In the present study, it is shown that although there is no significant difference between two groups of the study in the rate of hypoesthesia after surgery and after 6 months, however, the rate of hypoesthesia between Group A (n = 17, 37%) and B (n = 8, 17%) in the 1 stmonth follow-up is significantly different. This difference reveals that the recovery in the group with placing one miniplate (Group A) happens faster which could be due to less operating time and less retraction of the mental nerve needed in this technique.

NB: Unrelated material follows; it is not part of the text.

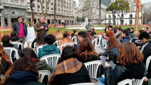 El paro de docentes universitarios continúa y este viernes realizaron una serie de clases públicas en Plaza de Mayo. La protesta fue impulsada por la Asociación Gremial Docente AGD-UBA. También contó con el apoyo de la Federación Universitaria de Buenos Aires (FUBA).

In this study, by placing an extra plate, the procedure took about 8 (in average) min longer than the other group which could be one of the reasons of later improvement in sensory impairment in Group B, while in a previous study, the average difference of these two techniques was reported about 14 min. 21

Conclusion

Many surgeons place arch bars for its intraoperative and postoperative benefits, so in the presence of mandibular arch bar, parasymphysis fractures can be treated with placing only one miniplate at the inferior border while the arch bar acts as a tension band. The present study revealed that placing one miniplate instead of the routine technique of placing two does not increase complication rates. Furthermore, it reduces the operation time and costs and results in a better neurosensory recovery outcome in short time.

Financial support and sponsorship

The study was self-funded by the authors and their institution.

Conflicts of interest

The authors of this manuscript declare that they have no conflicts of interest, real or perceived, financial or nonfinancial in this article.